(lubavitch.com) For her work, “Enhancing Language Skills Through Technology Driven Global Connections,” Hebrew Academy teacher Ms. Miriam Gold, a teacher at Chabad’s Huntington Beach Hebrew Academy, has been awarded a grant from the AVI CHAI Foundation.
Mrs. Gold’s project will bring current events in Israel and around the world in Hebrew to students by way of streaming media in real time. Hebrew Academy students will follow up this activity through discussion about daily living, culture and politics with their alumni living in Israel through web/video conferencing. Ms. Gold will use smartboard technology and related computer generated programs in this program.
The Huntington Beach yeshiva day school has garnered numerous awards in recent years, standing out for its wide range of achievements from excellence in education to taking the lead in going green. Rabbi Newman, principal of the Hebrew Academy, says the school administration is “delighted and proud that Ms. Gold has been selected for the AVI CHAI Educational Technology grant.
The grant, he says, will allow Ms.
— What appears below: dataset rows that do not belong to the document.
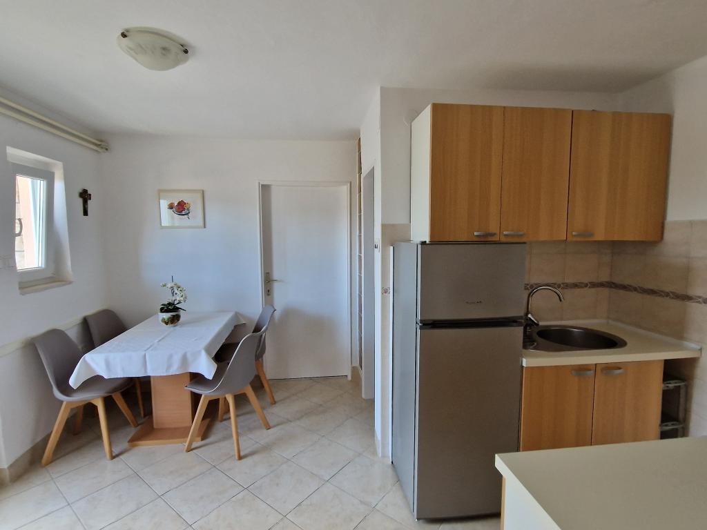Apartment in a quiet and attractive location in Krka, surrounded by greenery, with a view of the sea and city walls. The facility is located 80 m from the beach and 100 m from the center. The facility has its own parking lot. The apartment consists of 2 bedrooms with double beds, kitchen, dining room and bathroom. There is an extra bed in one bedroom. The terrace with seating offers relaxing moments during the day or evening. The nearby beaches offer a variety of sports and leisure facilities. Welcome!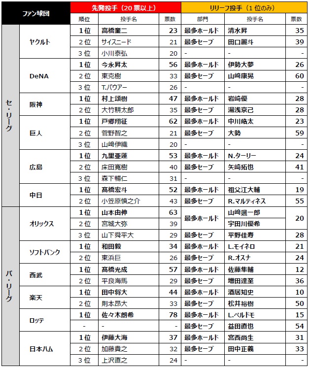 ポジションが「投手」の選手に限定した調査です。先発型でタイトルを獲ってほしい投手は2人まで、最多ホールド(最優秀中継ぎ投手)と最多セーブ(セーブ王)に輝いてほしい投手については1人ずつ選んでもらいました。。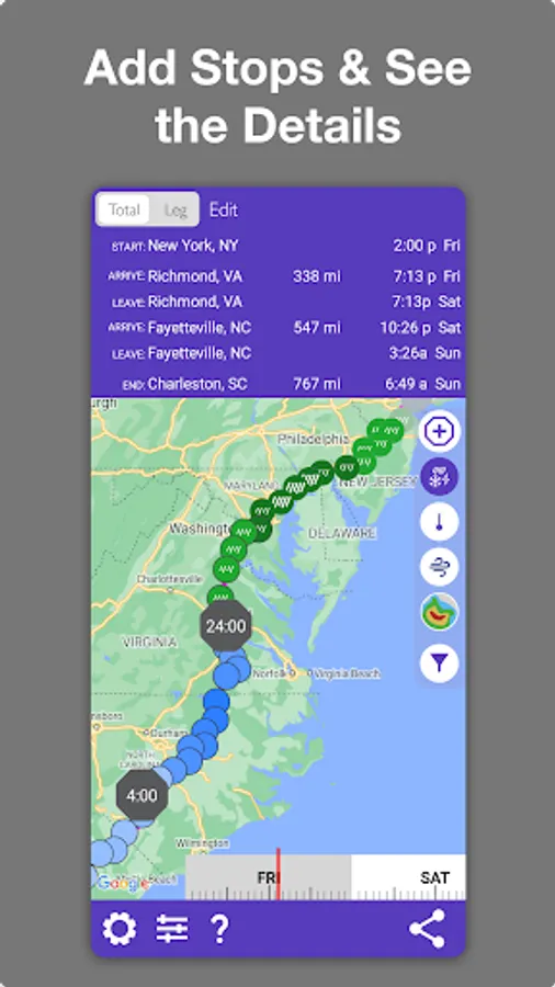 Drive Weather illustrates the National Weather Service's weather forecast showing drivers the weather along their route at the time they reach each point. It allows comparison of different routes, creating stops, interactively changing departure time, and other features that help plan trips around the weather.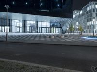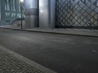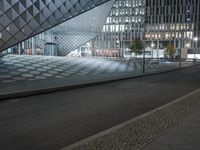 A snapshot of a mixed-use property in the business district of Berlin, Germany with a futuristic architecture of glass, metal, concrete, and steel. Impressively elevated buildings, a crosswalk, and a bridge over a waterway are illuminated by artificial light, casting a dark monochrome shade and shadow on the open space, road surface, and cobble stone below.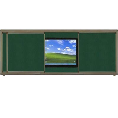 ⒊ 支持電子白板獨(dú)立安裝使用,電子白板易維護(hù)性好。外框內(nèi)預(yù)留了電子白板USB線和投影機(jī)VGA線路由出口,方便多媒體布線。前邊的活動(dòng)綠板向右推拉展開,露出電子白板,供教師多媒體互動(dòng)教學(xué)使用,閉合綠板后,可以將其鎖閉,有效保護(hù)電子白板。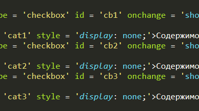 Простой и часто используемый скрипт, который, в общем случае, выполняет любые действия при изменении состояния checkbox. А в данном случае просто делает видимыми или невидимыми контейнеры в зависимости от состояния соответствующего checkbox...

Gold “to enrich her classroom and provide the students with skills they will need as they grow as learners in the 21st century.”
The AVI CHAI Foundation, a New York-based private foundation dedicated to supporting and encouraging the Jewish day school and camp movements, developed the educational technology experiment grant program two years ago in an effort to indentify key ways to apply technological advances to the work of day schools.
Intended as a means to learn from this field, AVI CHAI announces a competitive grant opportunity, providing allocations of $2,000 to $10,000 for those educators who can identify and develop innovative approaches to using technology to solve a pedagogic classroom problem. Ms. Gold was one of 20 applicants selected.
“Some of the most creative innovations in Jewish education are quietly happening in day school classrooms across the country, says Yossi Prager, AVI CHAI’s executive director in North America
As part of the program, grant recipients are expected to post regularly on the blog edtechexp.blogspot.com so that other educators can learn from this experience. Past blog conversations have included integrating smartboards into Judaic curricula, using video to advance Hebrew instruction, and creative applications of podcasting.
“We are happy to support these inventive teachers, but most excited to be sharing their ideas and providing learning opportunities to a broader audience through the ed tech blog.”